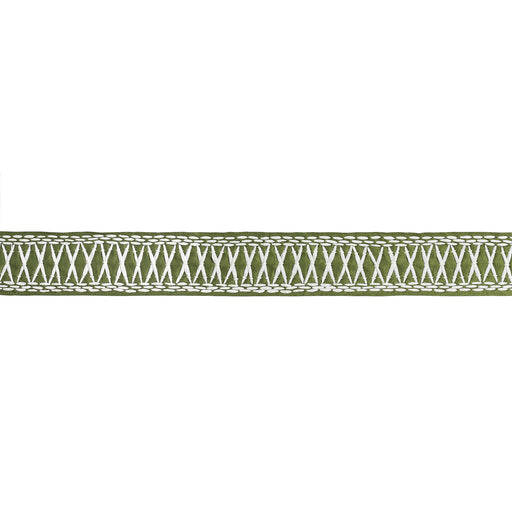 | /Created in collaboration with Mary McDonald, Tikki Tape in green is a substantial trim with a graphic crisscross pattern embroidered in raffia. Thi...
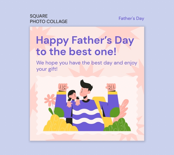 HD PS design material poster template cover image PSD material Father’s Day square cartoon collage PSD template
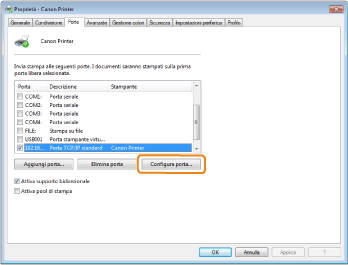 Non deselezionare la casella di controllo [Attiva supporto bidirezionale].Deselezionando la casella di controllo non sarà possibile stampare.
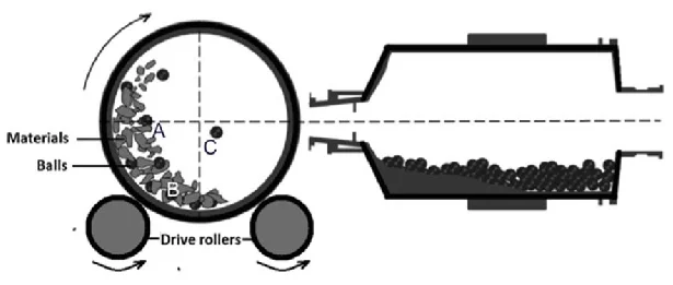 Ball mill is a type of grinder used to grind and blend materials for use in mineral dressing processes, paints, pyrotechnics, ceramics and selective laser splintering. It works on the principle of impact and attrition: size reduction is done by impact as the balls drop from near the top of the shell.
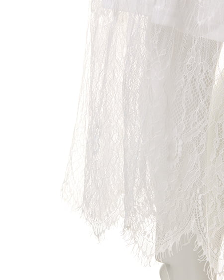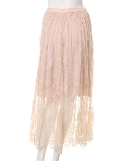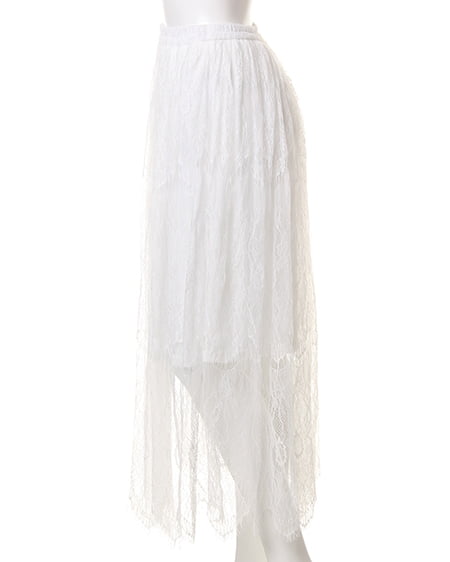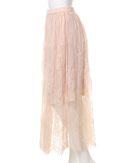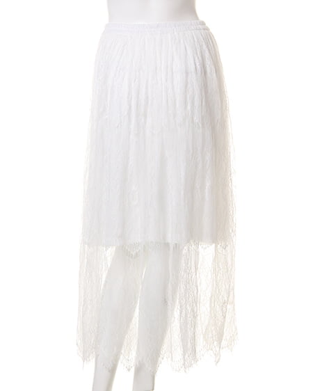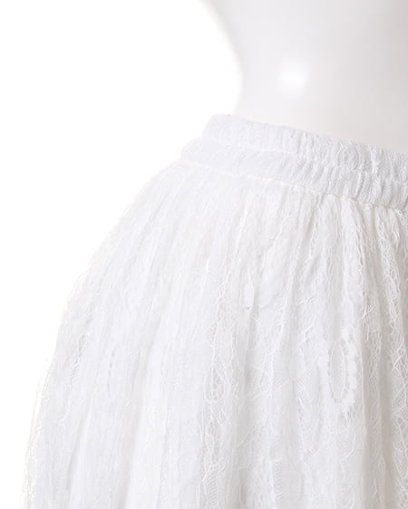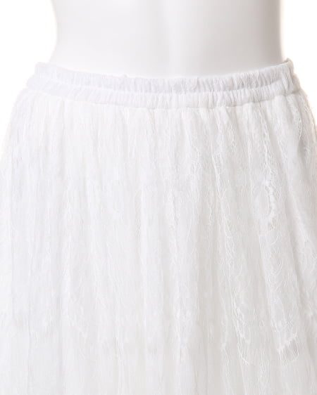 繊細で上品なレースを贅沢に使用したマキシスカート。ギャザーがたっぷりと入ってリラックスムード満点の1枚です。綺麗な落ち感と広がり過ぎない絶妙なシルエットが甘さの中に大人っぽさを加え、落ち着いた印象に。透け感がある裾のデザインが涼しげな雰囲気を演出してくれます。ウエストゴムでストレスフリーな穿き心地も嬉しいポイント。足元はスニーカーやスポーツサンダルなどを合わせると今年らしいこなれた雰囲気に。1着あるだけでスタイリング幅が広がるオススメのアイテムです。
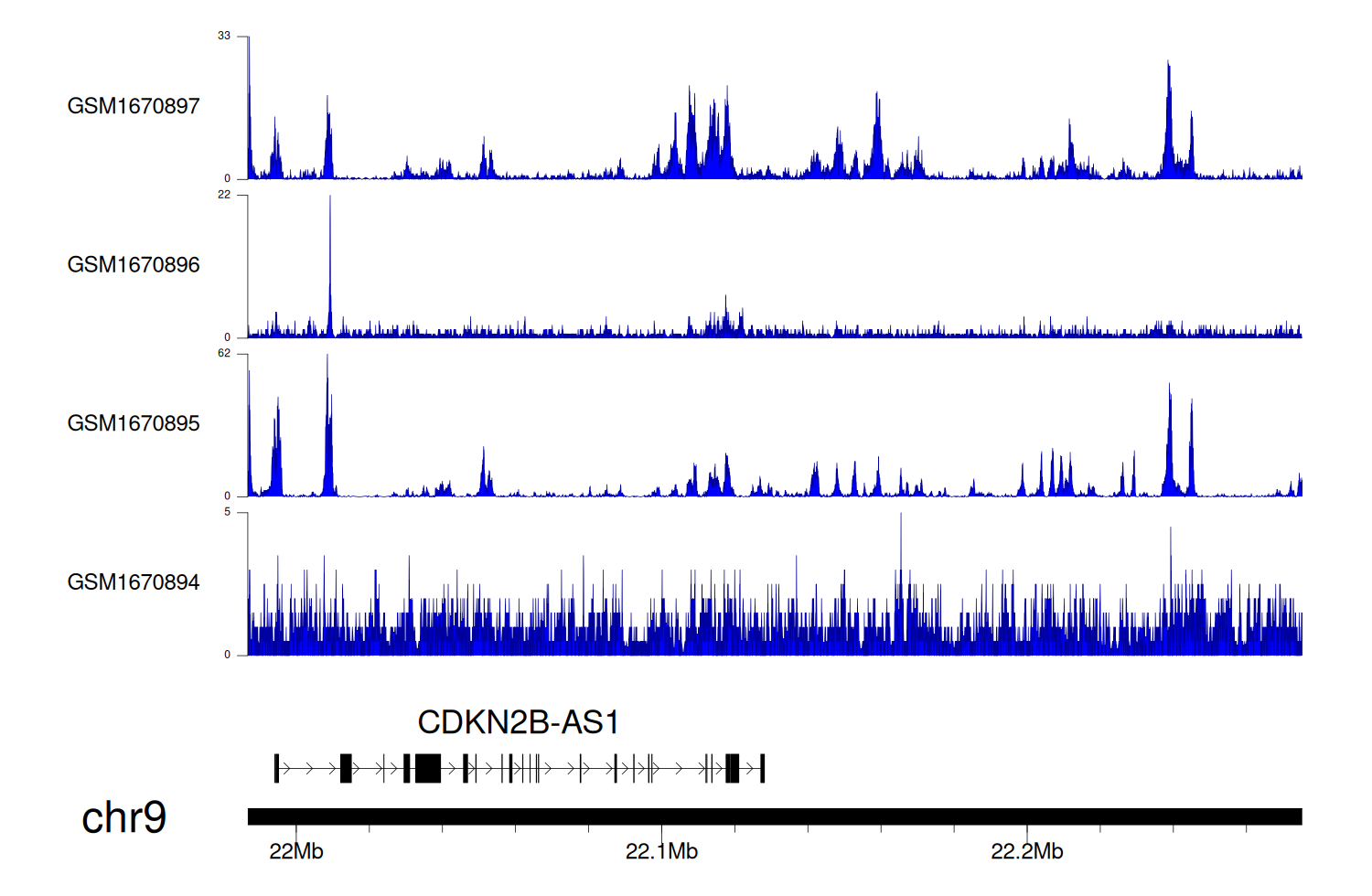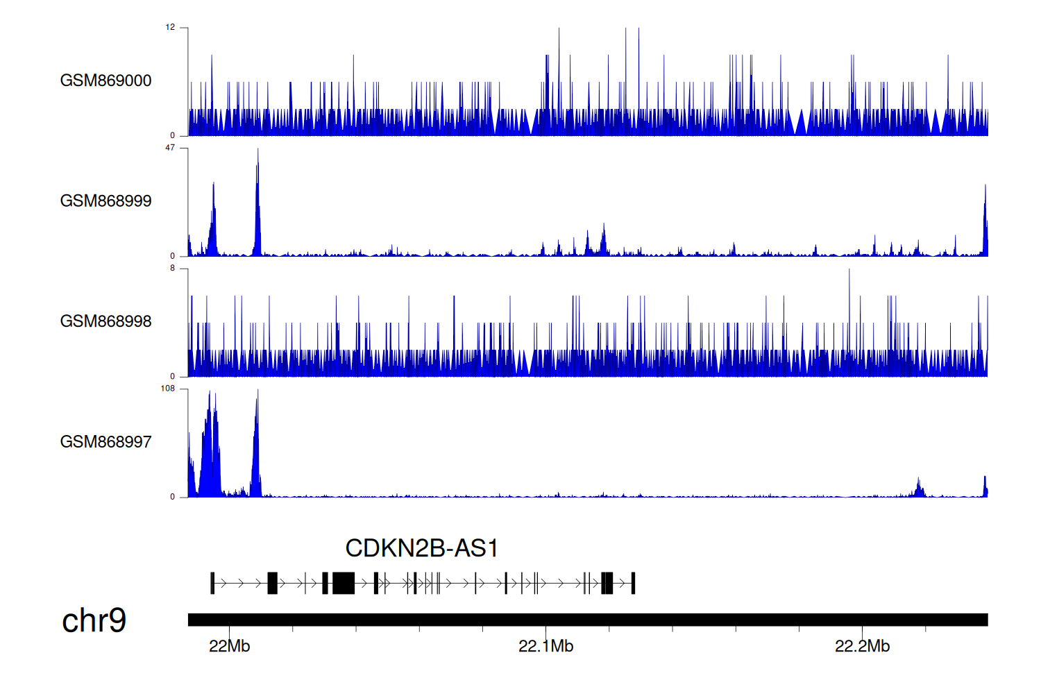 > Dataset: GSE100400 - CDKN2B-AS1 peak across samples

★ ★ ★

Task instructions: Write out each entry exactly as given, but skip the pictures.

Worked solution:
 | /Created in collaboration with Mary McDonald, Tikki Tape in green is a substantial trim with a graphic crisscross pattern embroidered in raffia. Thi...
 HD PS design material poster template cover image PSD material Father’s Day square cartoon collage PSD template
 Non deselezionare la casella di controllo [Attiva supporto bidirezionale].Deselezionando la casella di controllo non sarà possibile stampare.
 Ball mill is a type of grinder used to grind and blend materials for use in mineral dressing processes, paints, pyrotechnics, ceramics and selective laser splintering. It works on the principle of impact and attrition: size reduction is done by impact as the balls drop from near the top of the shell.
 繊細で上品なレースを贅沢に使用したマキシスカート。ギャザーがたっぷりと入ってリラックスムード満点の1枚です。綺麗な落ち感と広がり過ぎない絶妙なシルエットが甘さの中に大人っぽさを加え、落ち着いた印象に。透け感がある裾のデザインが涼しげな雰囲気を演出してくれます。ウエストゴムでストレスフリーな穿き心地も嬉しいポイント。足元はスニーカーやスポーツサンダルなどを合わせると今年らしいこなれた雰囲気に。1着あるだけでスタイリング幅が広がるオススメのアイテムです。
 > Dataset: GSE100400 - CDKN2B-AS1 peak across samples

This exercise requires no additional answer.